# Lighting Over My 29 Gallon Tank



## LindaC (Nov 7, 2005)

I an currently running 65 watts of light over my 29 gallon tank for approximately 10 hours with a mid-day blast of another 65 watts for approximately 2 hours. At 1:00 pm the 2nd bulb comes on and goes off at 3:00 pm. I'm curious as to whether or not this is enough or if I should leave it on for another hour. My plants seem to be growing at a decent rate, however, I'm having issues with GSA and BBA but not very much, only a little here and there. 

I do add ferts EI and run pressurized CO2. I am currently waiting for a drop checker to see exactly where my CO2 lies. I buffer my water with baking soda bringing the KH up to 80 ppms, so I'm not sure of the accuracy of my CO2. If I go by Chucks CO2 calculator, with a PH of 6.4 - 6.5 and a KH of 80 ppms, I've supposed to be getting about 47 ppms of CO2, even higher. Wouldn't this stress out my fish?

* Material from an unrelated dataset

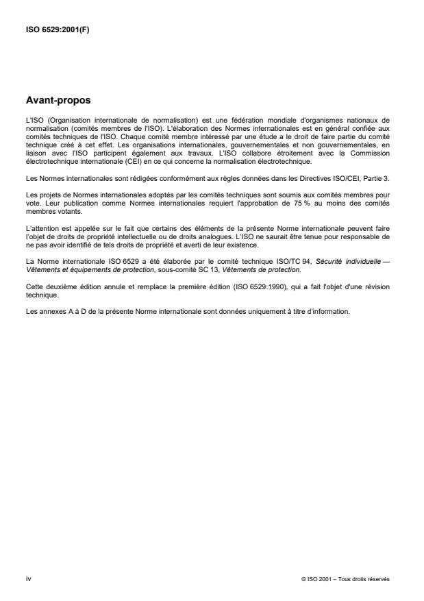 ISO 6529:2001 is a standard published by the International Organization for Standardization (ISO). Its full title is "Protective clothing — Protection against chemicals — Determination of resistance of protective clothing materials to permeation by liquids and gases". This standard covers: La présente Norme internationale décrit des méthodes d'essai en laboratoire permettant de déterminer, pour les matériaux utilisés dans les vêtements de protection, la résistance à la perméation par les produits chimiques liquides ou gazeux dans des conditions de contact continu ou intermittent. La méthode A est applicable quand le produit chimique d'essai est un liquide, volatil ou soluble dans l'eau, destiné à être en contact continu avec le matériau du vêtement de protection.La méthode B est applicable quand le produit chimique d'essai est un gaz, destiné à être en contact continu avec le matériau du vêtement de protection.La méthode C est applicable quand le produit chimique d'essai est un liquide, volatil ou soluble dans l'eau, destiné à être en contact intermittent avec le matériau du vêtement de protection.Ces méthodes d'essai ne se prêtent qu'aux essais de matériaux de protection imperméables à l'air. Elles permettent de déterminer la résistance à la perméation du matériau du vêtement de protection dans des conditions de laboratoire en termes de temps de passage, de flux de perméation et de perméation cumulée. Ces méthodes d'essai permettent également d'observer les effets du liquide d'essai sur le matériau du vêtement de protection soumis à essai.Ces méthodes d'essai ne traitent que de la performance des matériaux ou de certains types de fabrication de matériaux (coutures par exemple) utilisés dans les vêtements de protection. Ces méthodes d'essai ne couvrent pas la conception, la fabrication générale ou les composants, ni les zones de jonction de vêtements ou autres facteurs à même d'avoir un effet sur la protection globale offerte par le vêtement de protection.Il est à signaler que ces essais ne simulent pas nécessairement les conditions dans lesquelles les matériaux du vêtement de protection sont susceptibles d'être exposés dans la pratique.Il convient par conséquent de limiter l'utilisation des données d'essai à une simple évaluation comparative de ce

Anyway, sorry, didn't mean to get off track, if anyone can give me some opions on my lights, I'd be greatly appreciative.


----------



## eklikewhoa (Jul 24, 2006)

I have 96w over my 30g for 9hrs with a "Noon Burst" of another 96 for 3hrs with about 30-40ppms of co2 and heavy planting and algae is minimal in my tank. Plants grow lush and with the right ferts they are now bronzing/turning red.


----------



## LindaC (Nov 7, 2005)

That's a lot of light but sounds like it's working well for you, I think I'll turn up the noon burst to three hours and see what happens. I've tried running both lights for 9 hours but just can't seem to get the algea under control when I do so. Thanks!


----------